I attended a workshop earlier in the week about Advance Directives for Health Care.
An Advance Directive is an official document that an individual can fill out and have notarized that specifies what her or his end-of-life wishes are.
In other words, if you’re in a coma and not likely to recover, who gets to make the decision about pulling the plug?
Well, actually the decision is ultimately up to the individual…i.e. you and me…but the point of the Advanced Directive is to insure in writing that someone will be at your bedside at the end who has authority to carry out your wishes.
Anyway…. I’m not that old but I’m not that young either, so, yeh, an Advanced Directive is a good idea.

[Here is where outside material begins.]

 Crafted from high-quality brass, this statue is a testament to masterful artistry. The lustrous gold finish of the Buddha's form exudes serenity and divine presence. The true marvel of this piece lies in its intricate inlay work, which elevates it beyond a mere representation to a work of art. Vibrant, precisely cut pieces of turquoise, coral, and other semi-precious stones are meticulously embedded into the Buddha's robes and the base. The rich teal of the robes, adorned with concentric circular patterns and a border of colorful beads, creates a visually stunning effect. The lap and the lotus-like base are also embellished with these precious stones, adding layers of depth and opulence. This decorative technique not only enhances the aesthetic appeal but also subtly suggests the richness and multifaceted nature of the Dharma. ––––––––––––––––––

(Actually, it’s a good idea for people of ANY age because…well…ya never know….)
However, sitting for 45 minutes and watching a video about planning for your own death at 8 o’clock at night is not ideal.

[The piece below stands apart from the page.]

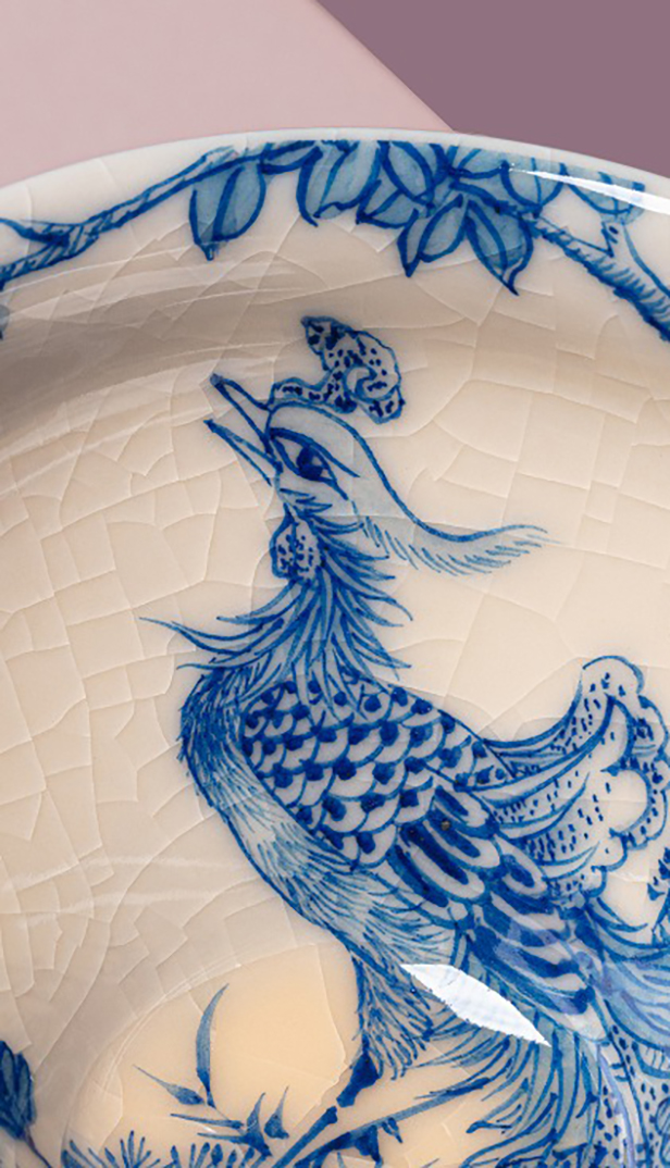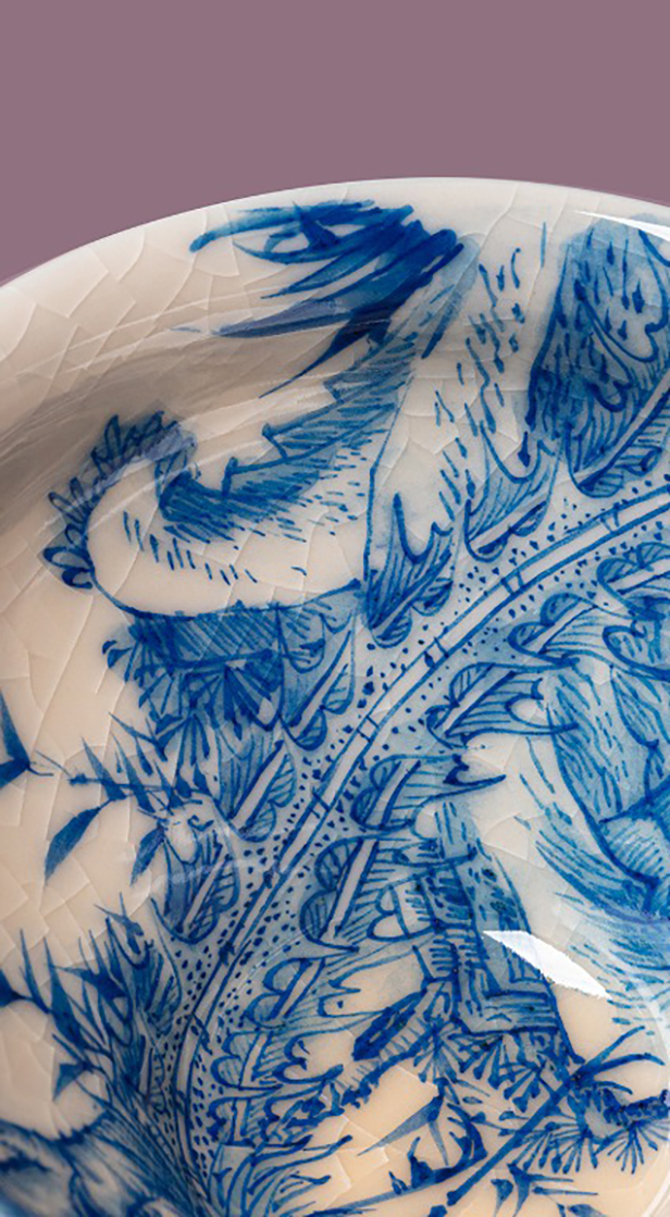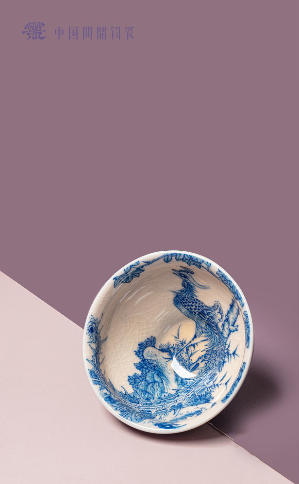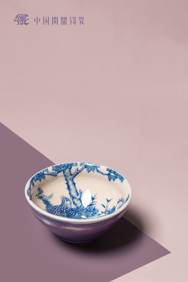 问鼎钧瓷鹅黄青花宋盏杯(凤凰栖梧)

Watching and listening and signing up to get The Form kinda gave me the willies. And in two weeks, when we meet again, a notary will be available to stamp our completed directives in efficient assembly-line fashion.
(And anything to do with “efficient assembly line” activities of any sort rather makes my ancestoral bones shake a bit….)
I went home that evening feeling somewhat lonely and strange. I had filled out an Advance Directive a number of years ago that was supposed to be in effect “forever,” but that piece of paper, like the relationship that went with it, has long been null and void.
So I was mentally scratching my head in confusion wondering, “WTH! I’m single! Who do I ask to be my Agent of Death NOW??”
As for relatives, my elderly parents have still not filled out an Advance Directive of their own, so that’s a no-go. My aunt…nope…. My Cuz…nope, bless his heart. And…end of family list.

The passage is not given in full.